This spring, the British theater critic Alice Jones diagnosed herself.
She's a sufferer of “Site Specific Angst -- that woozy, stomach-clenching feeling you get when you embark on a show and you have no idea what is going on, what your part in it is supposed to be, where you should put your coat and when it will end.”
Herein lies the danger of watching too much immersive theater. We're all susceptible now. The genre is exploding, with more and more productions staged in hospitals and back alleys, and more audiences asked to perform as much as the performers.
At Sleep No More, a popular immersive theater experience in Chelsea, audience members wear masks as they traipse through a warehouse converted into an eerie fictional hotel.
In England, the birthplace of the phenomenon, the backlash is starting. “What, on initial encounters, felt like an exciting, experimental trend can start to feel predictable and hackneyed,” wrote Charlotte Higgins recently, reviewing a play that required she be blindfolded. So typical was the gimmick that the Guardian writer found herself not "haunted" (it was hyped as a scary production), but “bored."
Americans should take heed. This summer, Playbill counted nine immersive shows of note in New York City, including a production of Alice In Wonderland staged in an actual mental ward. Jones may as well write this one off now: “Visitors may find themselves brushing Alice's hair and discussing first loves with her," promises the roundup.
It's not only audiences who should be wary of overkill. Theater companies have something to lose too. Look no further than “Sleep No More,” the granddaddy of transatlantic immersive sensations. When the British import opened in a converted Chelsea warehouse dubbed the McKittrick Hotel in 2011, there was at least some mystery to the mythology drummed up by Punchdrunk, the company at the helm, of a century-old, ghost-infested hotel, reopened for service.
Any verisimilitude is now long gone. Coming up on its fourth year in Manhattan, the production, ostensibly an adaptation of Macbeth, is more tourist attraction than dramatic revelation. Corporations can rent out the set for private parties. One blogger, reviewing the show this year, penned the unlikely line: “I had already been to the McKittrick Hotel for a rather cool business school party.”
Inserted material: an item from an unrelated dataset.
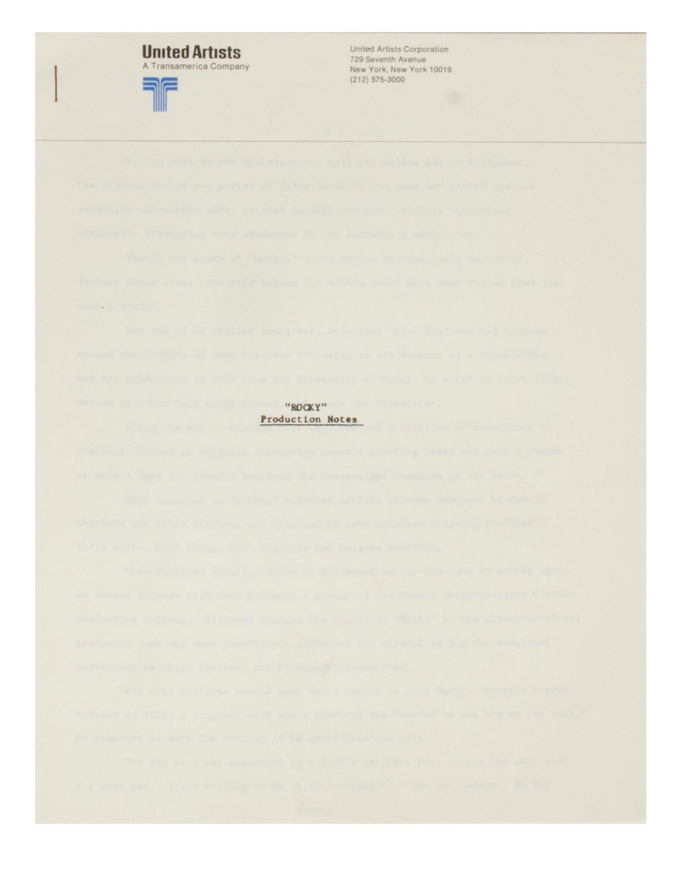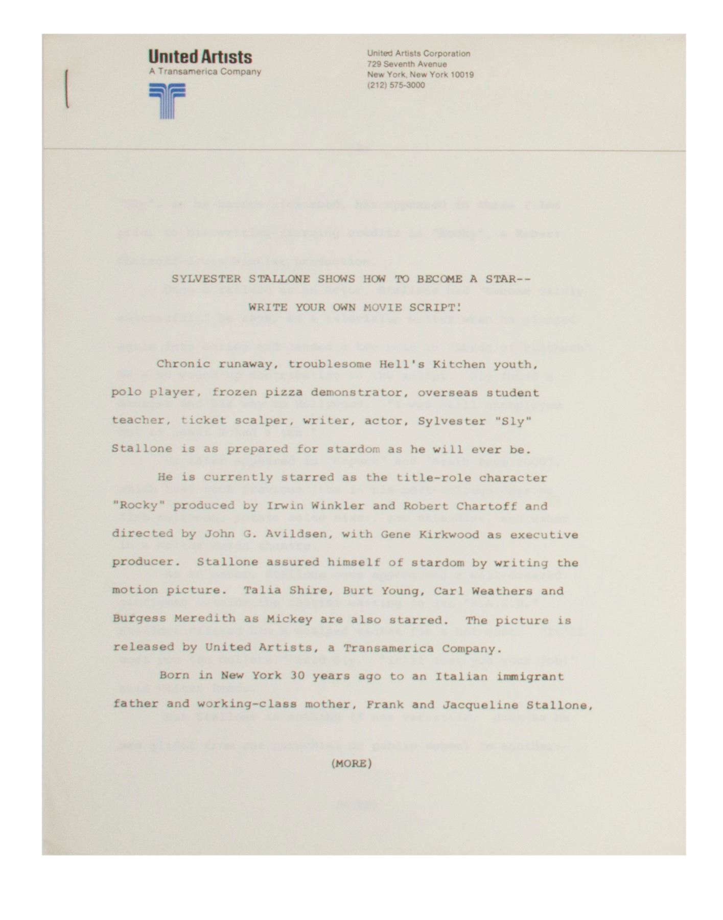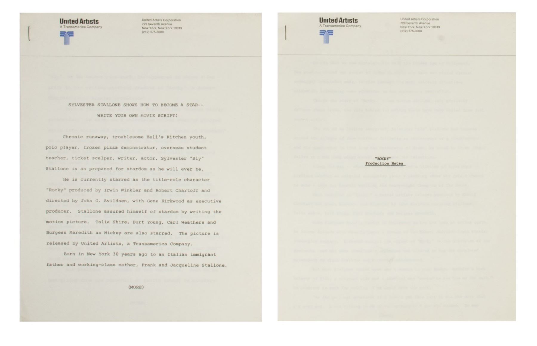 (United Artists, 1976) A pair of typed production information packets prepared by United Artists prior to the theatrical release of their feature film "Rocky". These packets were created to provide information on the production before its release and are titled "Rocky Production Notes" and "Sylvester Stallone Shows How to Become a Star-- Write Your Own Movie Script!". These packets are dated 9-15-76 and 9-3-76 respectively, and provide a wealth of information on the cast, crew, and story, of what would go on to become one of the most iconic films of the generation. Both packets measure 11"x8.5" and are in very good condition with little wear.

How to get your audience to suspend disbelief, then, when you're peddling the sort of show people may grow weary of before they've even arrived?
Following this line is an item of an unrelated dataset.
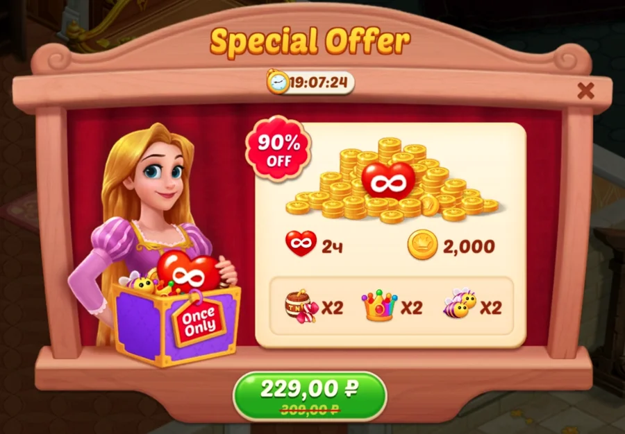 Ограниченные предложения. Периодически разработчики запускают продажу ограниченных наборов. В которые входят хорошие бустеры, монеты и бесконечные жизни. Это отличное вложение, так как за низкую цену вы получаете отличный набор, который поможет успешно пройти немало уровней в игре.
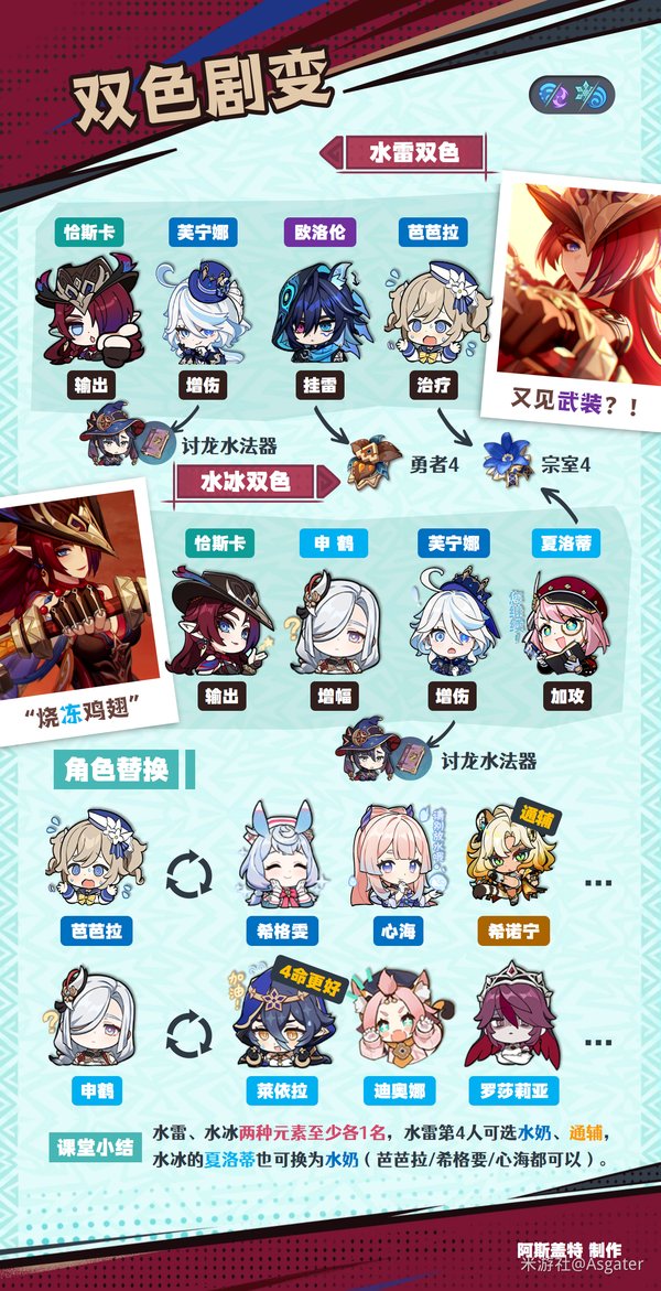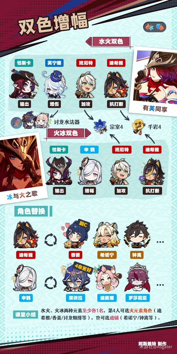 ④ 确保一水一火后,第四人即可选水/火队友,也可选希诺宁、钟离等泛用辅助。

Alex Ernst, the assistant director of “Dutchman,” a play staged for this year’s Performa Festival in the Russian and Turkish Baths of the East Village, says the key is knowing when to stop.
“Dutchman” was written in 1964 by the African American poet LeRoi Jones (later known as Amiri Baraka). The action is intense, static and racially-charged: a white woman propositions a black man in increasingly needling ways, sitting beside him on a train.
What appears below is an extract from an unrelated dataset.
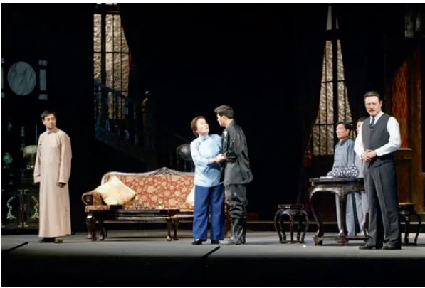 既看出是个阔绰豪华的资本家家庭,又有浓重的封建色彩。一个立柜和上面触目的大照片,既透露出故事发生的根由,又为剧情发展提供了条件。2.人物的服装:

Actors Kevyn States and Tori Ernst perform "Dutchman," at the Russian and Turkish Baths. Photo by Paula Court, courtesy Performa.
Restaging the play in the stifling heat of the saunas made sense dramatically, Ernst said. Spectators followed the actors from room to room, and of three contiguous sets, the last was the hottest of all. As the drama intensified, so did the experience of watching it. Meanwhile, anyone who knows the voyeurism of riding on a train will appreciate how well the stadium seating of a sauna approximates that effect. By the end, the proximity is almost claustrophobic.
A crowd at "Dutchman" sweats it out while they watch the show. Photo by Paula Court, courtesy Performa.
Throughout, audience members, dressed in bathing suits and the brown robes standard to the place, were encouraged to douse themselves with water (jumbo-sized bottles were provided). Volunteers cooled the final room as much as they could before performances, using a built-in vacuum system and flapping towels to fan out the air. The idea was to push the crowd into a state that enhanced their collective experience without overwhelming them -- a nobler proposition, one could argue, than orchestrating individual jaunts through a Shakespeare-themed haunted house.
That's not to say people weren't drawn to "The Dutchman" because of its concept. The play enjoyed a sold-out run, despite mixed reviews of the actual acting.
But Ernst and Rashid Johnson, the play’s director, aren't looking to create the city's next attraction. While a tour of the nation's bathhouses is on the table -- Ernst said Chicago, Johnson’s hometown, would be the first stop -- "Dutchman" won't be putting down roots anywhere.
“Sometimes it’s important that things are not accessible to everyone,” Ernst told HuffPost. “People keep talking about it, and it lives on as legend.”
Plus, she added, “the bathhouse is probably ready to kill us right now.”